◆ **Activity**
The copy must hold exactly the lines from the one with "I love how the" through the end of the listing below, and nothing else, with no pictures.

◆ **Data provided**

BEGIN

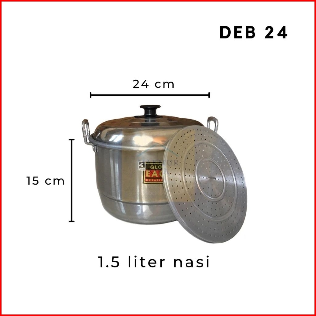 Global Eagle Panci Dandang Langseng Kukusan Alumunium Steamer Global Sg Pengukus Serbaguna Ukuran 20 22 24 26 28 30 33 C
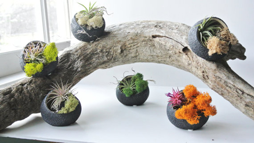 I love how the green moss compliments yellow, white, and black. Terrariums are a great way to add a small pop of color.
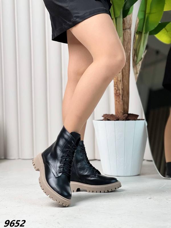 Код 9652 Сезон зима ❄️ Материал натуральная кожа. Внутри полушерсть 70/30. Цвет черный на беж подошве. Высота подошвы 4,5 см. Высота от пятки 14 см. На молнии ⚡ Производитель Украина 💙💛 Размер по сетке: 36 - 23,5 см 37 - 24,0 см 38 - 24.5 см 39 - 25,0 см 40 - 26,0 см

END

◆ **Solution to this task**
 I love how the green moss compliments yellow, white, and black. Terrariums are a great way to add a small pop of color.
 Код 9652 Сезон зима ❄️ Материал натуральная кожа. Внутри полушерсть 70/30. Цвет черный на беж подошве. Высота подошвы 4,5 см. Высота от пятки 14 см. На молнии ⚡ Производитель Украина 💙💛 Размер по сетке: 36 - 23,5 см 37 - 24,0 см 38 - 24.5 см 39 - 25,0 см 40 - 26,0 см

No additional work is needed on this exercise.